|Artist||Benjamin Duterrau & Benjamin Smith after Richard Westall|
|Published||Publish'd March 25. 1797, by J.&J. Boydell, & G. Nicol, Shakspeare Gallery, Pall Mall; & No. 90, Cheapside.|
|Dimensions||Image 222 x 154 mm, Sheet 378 x 276 mm|
An illustration of Milton's A Mask presented at Ludlow Castle, 1634, better known as Comus after its principle antagonist, from John and Josiah Boydell's The Poetical Works of John Milton (1794-1797). Lady, the heroine of the masque, has been tricked into following Comus, the personification of revelry, back to his bower. Magically held by Comus' chair, Lady is subjected to the temptations of sexual indulgence and gluttony, but her temperance, chastity, and reason defeat his advances. Behind them, satyrs and maenads revel in the night.
The publication of Boydell's Milton followed the success of his Shakespeare Gallery, and included 28 plates by Richard Westall after works by Henry Fuseli. Fuseli, one of the Shakespeare Gallery's key contributors, had been inspired by Boydell's success, subsequently painting 40 large-scale scenes from Paradise Lost that he intended to form the core of his own 'Milton Gallery'.

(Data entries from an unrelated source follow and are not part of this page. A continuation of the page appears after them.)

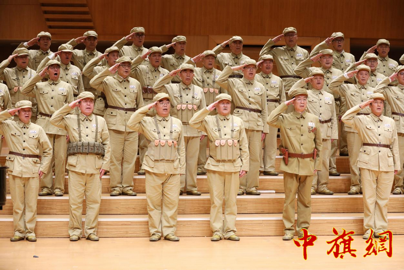 音乐会最撼动人心的是九位志愿军老战士亲临现场观看演出,动情处,他们一起高歌。
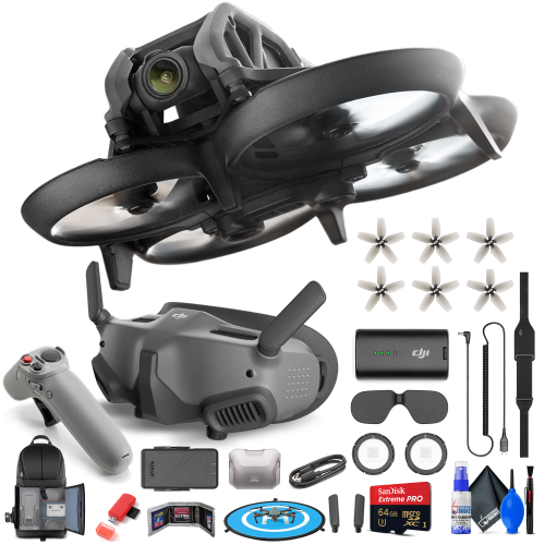 The DJI Avata Pro View Combo is a small, palm-sized drone that is designed for filming steady, ultra-wide 4K stabilized video in a variety of settings. Its compact size and protective propeller guards make it ideal for filming indoors and in close proximity to people and objects without worrying about causing damage or injury. Its "cinewhoop" design allows it to bounce off objects if it comes into contact with them, making it a safe and versatile tool for capturing video in a wide range of environments.
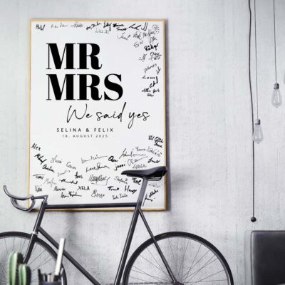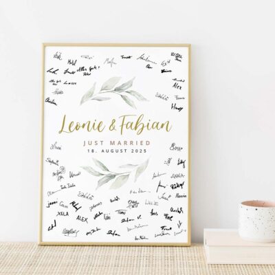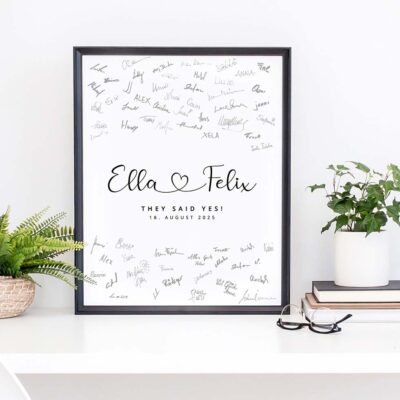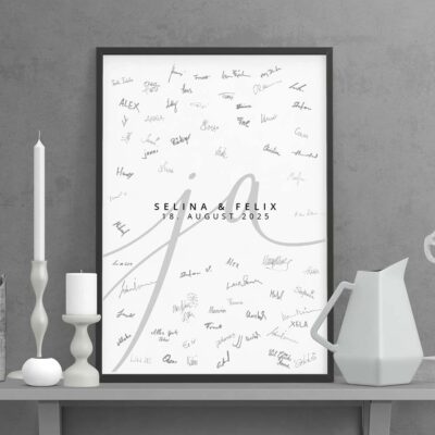 Lasst eure Gäste für euch mit ihren Unterschriften ein echtes Kunstwerk erstellen. Legt einen Permanent-Marker in Schwarz, einen grauen Lackstift oder oder einen Gold- oder Silber-Metallic-Stift bereit und schon wird euer Gästebuch von euren Gästen in ein absolutes Unikat verwandelt.
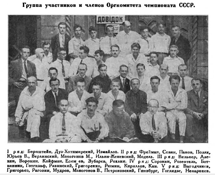 С. Ткаченко: " Подсказываю: "лысенький в стеклышках" это Петр Измайлов. Рядом - Дуз. Первый слева - московский первокатегорник Александр Бернштейн. Кто второй слева?"
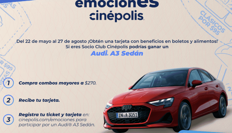 Cinépolis te invita a participar en su concurso EmocionEs Cinépolis 2025 en el que podrás gana un auto Audi A3 Sedán, si quieres ser ganador realiza la mecánica siguiente:
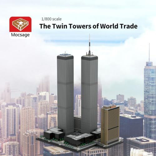 MetaHrystynx Architecture World Trade Center Building Blocks, 1:800 Maßstab Wahrzeichen Architektur Zwillingstürme Straßenszene DIY-Bausatz Bausteine (7129PCS)
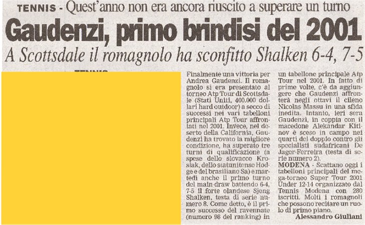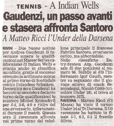 Tennis: Gaudenzi, un passo avanti e stasera affronta Santoro

Richard Westall RA (2nd January 1765 - 4th December 1836) was a British painter, illustrator, printmaker, and drawing master, best known for his portraits of Lord Byron, and his work as a painter for John Boydell's Shakespeare Gallery, and Henry Fuseli's failed Milton Gallery.
Benjamin Smith (1754-1833) was a British engraver, printseller, and publisher. A student of Francesco Bartolozzi, his most celebrated engravings were the series he undertook for Boydell's editions of Shakespeare and Milton, though he also produced many fine plates after William Hogarth and George Romney, as well as portraits of George III.
Benjamin Duterrau (2nd March 1768 - 11th July 1851) was an English painter, printmaker, and art historian, most well known for his early paintings and engravings of Australian history and Indigenous Australians.
Ex. Col.: Hon. Christopher Lennox-Boyd, collector's mark on verso.